• **Task brief**: Return the entries verbatim and drop every picture.

Data records:
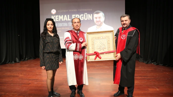 Açılış konuşmalarının ardından İslam Toplumu Milli Görüş Genel Başkanı Kemal Ergün’e Fahri Doktora Payesi SDÜ Rektörü Prof. Dr. Mehmet Saltan tarafından takdim edildi.
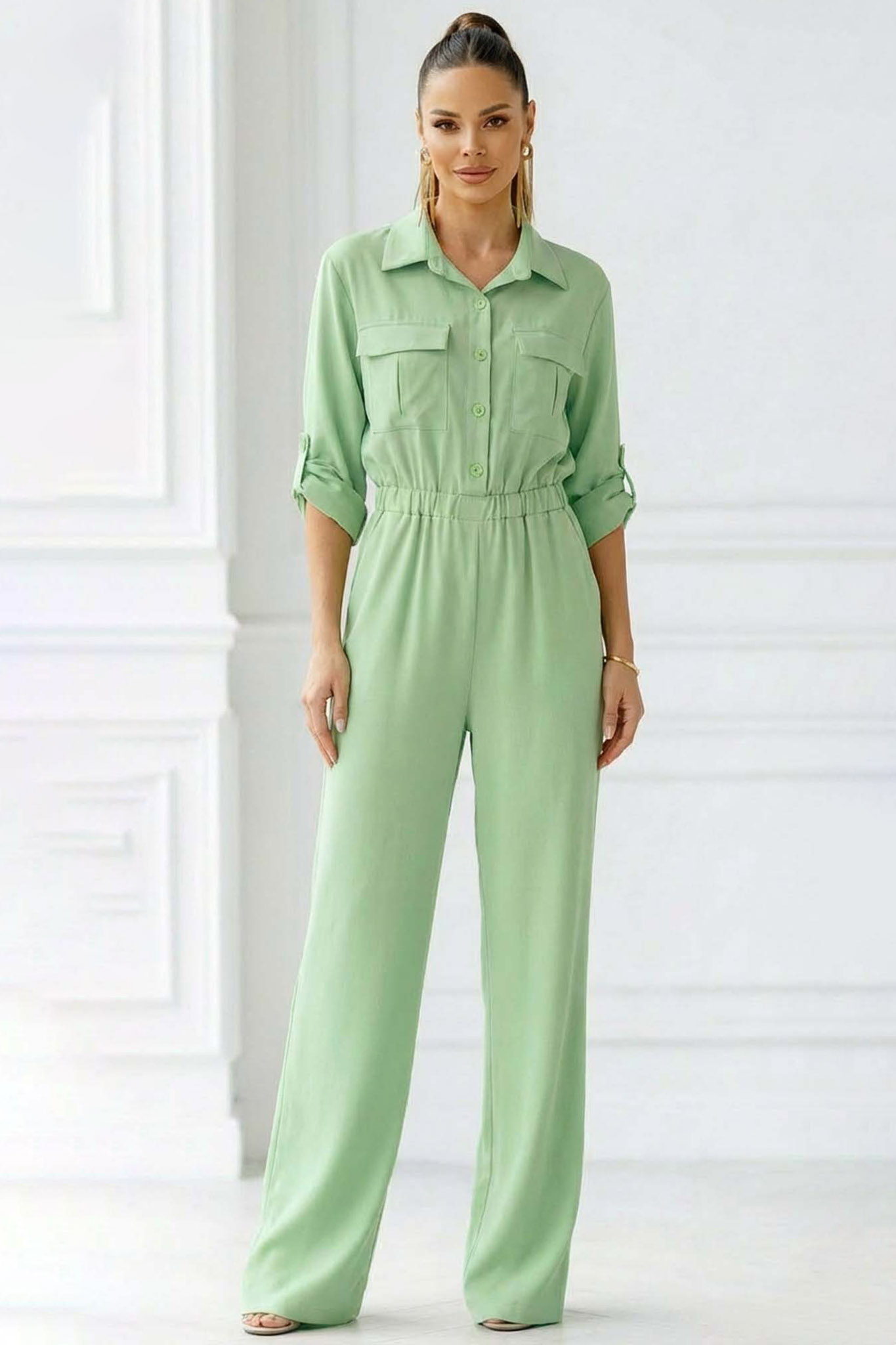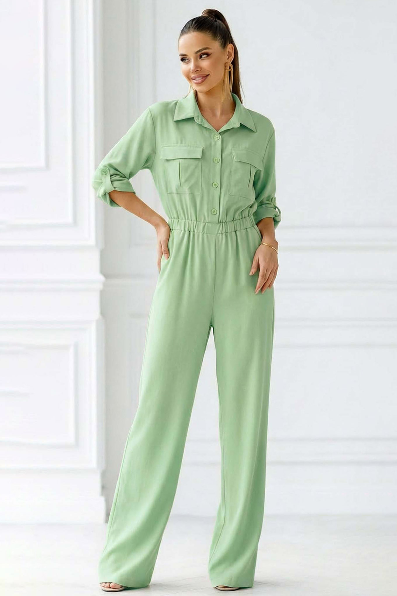 Ολόσωμη φόρμα με σχεδιασμό που θυμίζει πουκάμισο, διαθέτει κλασικό γιακά, κλείσιμο με κουμπιά μπροστά, πρακτικές τσέπες στο στήθος και τα πλαϊνά, και μακριά μανίκια. Το λάστιχο στη μέση εξασφαλίζει τέλεια εφαρμογή και κολακεύει τη σιλουέτα, ενώ η φαρδιά γραμμή του παντελονιού προσφέρει άνεση και κίνηση. Κατασκευασμένη από ανάλαφρο, ρευστό ύφασμα, είναι η ιδανική επιλογή για αβίαστες εμφανίσεις όλη μέρα.
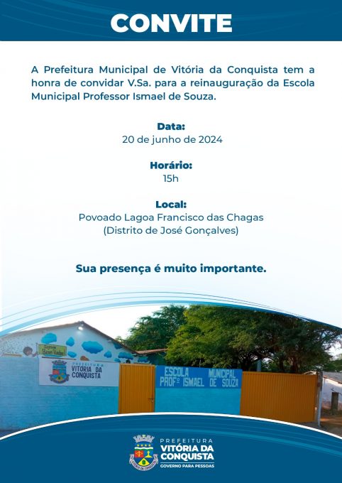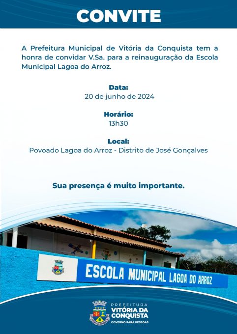 A Prefeitura de Vitória da Conquista entrega à população da Zona Rural, nesta quinta-feira (20), mais duas escolas totalmente revitalizadas. A primeira será a Escola Municipal Lagoa do Arroz, às 13h30. Logo depois, às 15h, a Escola Municipal Professor Ismael de Souza, no Povoado Lagoa Francisco Chagas, ambas no distrito de José Gonçalves.
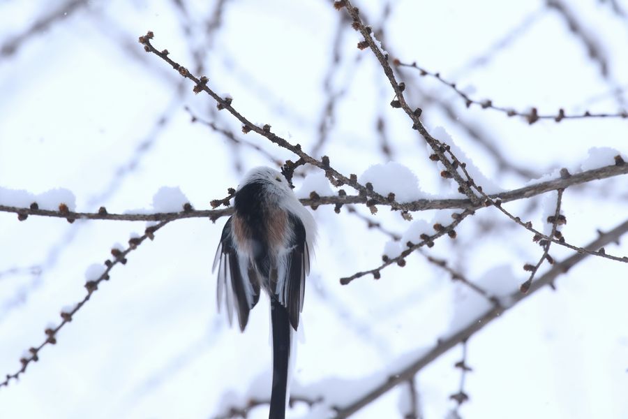 なお、動画内で「ピィピィピィ」と聞こえる大きな鳴き声はハシブトガラの囀りで、シマエナガは小さく「チー」「チャッ」などと鳴いています。
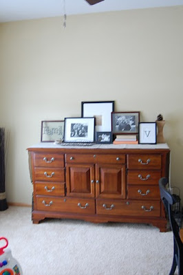 Love the frame wall!! Very cool!! And that dresser is amazing!

• **Finished task**:
 Açılış konuşmalarının ardından İslam Toplumu Milli Görüş Genel Başkanı Kemal Ergün’e Fahri Doktora Payesi SDÜ Rektörü Prof. Dr. Mehmet Saltan tarafından takdim edildi.
 Ολόσωμη φόρμα με σχεδιασμό που θυμίζει πουκάμισο, διαθέτει κλασικό γιακά, κλείσιμο με κουμπιά μπροστά, πρακτικές τσέπες στο στήθος και τα πλαϊνά, και μακριά μανίκια. Το λάστιχο στη μέση εξασφαλίζει τέλεια εφαρμογή και κολακεύει τη σιλουέτα, ενώ η φαρδιά γραμμή του παντελονιού προσφέρει άνεση και κίνηση. Κατασκευασμένη από ανάλαφρο, ρευστό ύφασμα, είναι η ιδανική επιλογή για αβίαστες εμφανίσεις όλη μέρα.
 A Prefeitura de Vitória da Conquista entrega à população da Zona Rural, nesta quinta-feira (20), mais duas escolas totalmente revitalizadas. A primeira será a Escola Municipal Lagoa do Arroz, às 13h30. Logo depois, às 15h, a Escola Municipal Professor Ismael de Souza, no Povoado Lagoa Francisco Chagas, ambas no distrito de José Gonçalves.
 なお、動画内で「ピィピィピィ」と聞こえる大きな鳴き声はハシブトガラの囀りで、シマエナガは小さく「チー」「チャッ」などと鳴いています。
 Love the frame wall!! Very cool!! And that dresser is amazing!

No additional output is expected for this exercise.